## Your task
Transcribe exactly the lines from the one containing "Get-HPEGLService -ShowProvisioned |" through the end of the data, both included. Leave out pictures.

## Data for this exercise
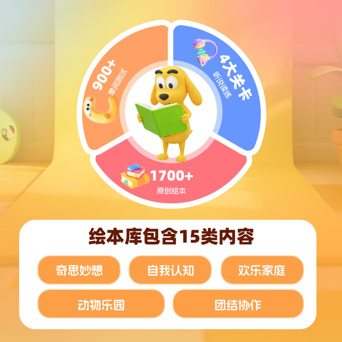 商品名称:适趣AI英语2年卡💥英语启蒙新神器【适趣英语】!! 👏🏻由北大田博士团队🎓专为3-8岁孩子研发的AI英语启蒙工具 📚把单词融入阅读,让孩子在阅读一个个有趣的故事中,建立对英语的兴趣。 ❤️除了绘本、故事、游戏、录制配音这里都有
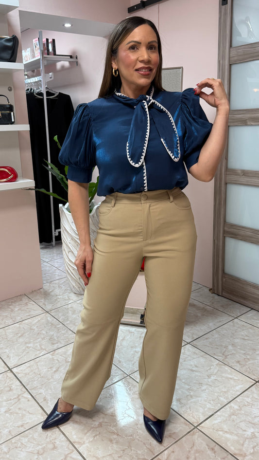 Navy Puff Sleeve Top
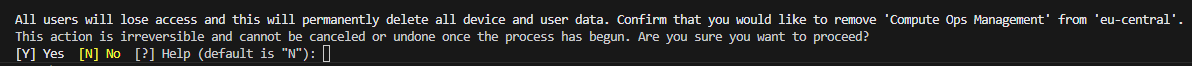Get-HPEGLService -ShowProvisioned | Remove-HPEGLServiceThis action is permanent and cannot be undone. When you execute this cmdlet, you will receive a warning at runtime explaining the irreversible nature of the operation. The system will prompt you to confirm your choice.
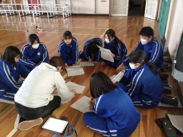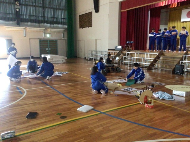 2年生が、体育館で卒業生を送る会の準備を進めていました。
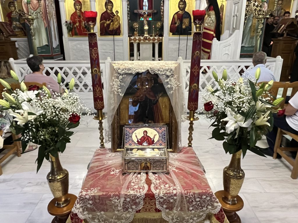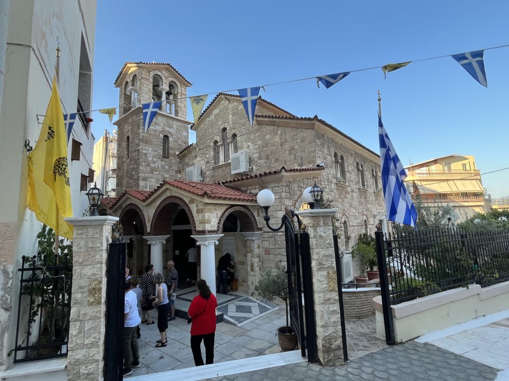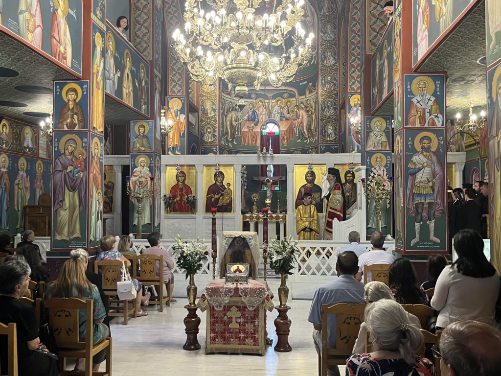 Στην Ακολουθία του Εσπερινού που τελέστηκε στον πανηγυρίζοντα Ιερό Ναό Αγίας Μαρίνας Καραβά χοροστάτησε χθες, Κυριακή 16 Ιουλίου 2023, ο Μητροπολίτης Πειραιώς κ.Σεραφείμ.
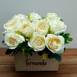 folhagens - 1 un. rosa brancas - 1 un. cachepô mdf - 1 un.
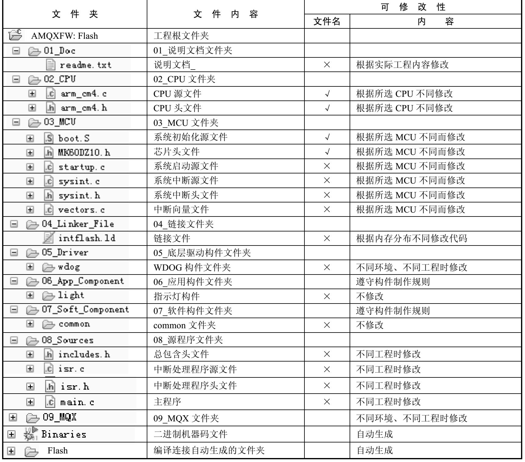 深入理解工程框架的目录结构,对学习、理解与与应用MQX开发实际工程有重要意义。MQX工程框架AMQXFW的基本内容如下。
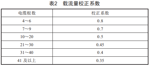 菲律賓電氣規(guī)范Phi1ippineE1eclrica1COde中表3.10.1.16和3.10.1.15(b)分別給出了環(huán)境因素下電纜載流量及不同敷設條件下載流量校正系數(shù)。查表3.10.1.16可知銅芯和鋁芯電纜在不同環(huán)境溫度下的載流量,查表3.10.1.15(b)可知電纜在空氣中多根并列敷設時載流量的校正系數(shù),具體如表2所示。
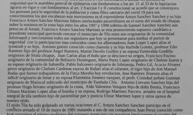 Ejido tila chiapas Mexico a 25 de agosto de 2020 DENUNCIA PUBLICA Al congreso nacional indijena Al concejo indigena de gobierno A los centros de derechos humanos no gubernamental nacional e internacional…
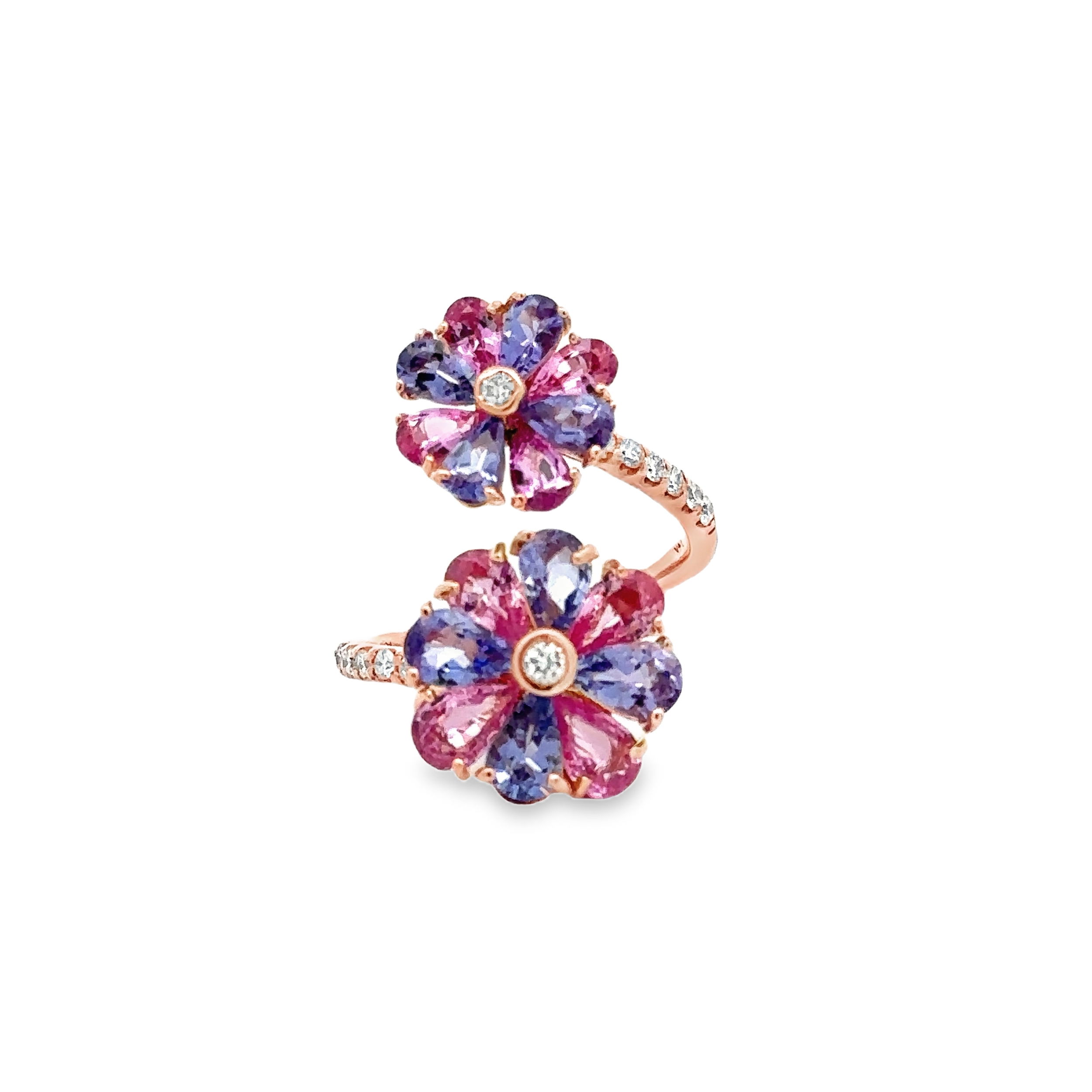 14KRG 8 PEAR TANZANITE & 8 PEAR PINK SAPPHIRES 5.00CT -- 14 BR DIAMONDS 0.30CT BYPASS FLOWER RING

## Answer to this task
Get-HPEGLService -ShowProvisioned | Remove-HPEGLServiceThis action is permanent and cannot be undone. When you execute this cmdlet, you will receive a warning at runtime explaining the irreversible nature of the operation. The system will prompt you to confirm your choice.
 2年生が、体育館で卒業生を送る会の準備を進めていました。
 Στην Ακολουθία του Εσπερινού που τελέστηκε στον πανηγυρίζοντα Ιερό Ναό Αγίας Μαρίνας Καραβά χοροστάτησε χθες, Κυριακή 16 Ιουλίου 2023, ο Μητροπολίτης Πειραιώς κ.Σεραφείμ.
 folhagens - 1 un. rosa brancas - 1 un. cachepô mdf - 1 un.
 深入理解工程框架的目录结构,对学习、理解与与应用MQX开发实际工程有重要意义。MQX工程框架AMQXFW的基本内容如下。
 菲律賓電氣規(guī)范Phi1ippineE1eclrica1COde中表3.10.1.16和3.10.1.15(b)分別給出了環(huán)境因素下電纜載流量及不同敷設條件下載流量校正系數(shù)。查表3.10.1.16可知銅芯和鋁芯電纜在不同環(huán)境溫度下的載流量,查表3.10.1.15(b)可知電纜在空氣中多根并列敷設時載流量的校正系數(shù),具體如表2所示。
 Ejido tila chiapas Mexico a 25 de agosto de 2020 DENUNCIA PUBLICA Al congreso nacional indijena Al concejo indigena de gobierno A los centros de derechos humanos no gubernamental nacional e internacional…
 14KRG 8 PEAR TANZANITE & 8 PEAR PINK SAPPHIRES 5.00CT -- 14 BR DIAMONDS 0.30CT BYPASS FLOWER RING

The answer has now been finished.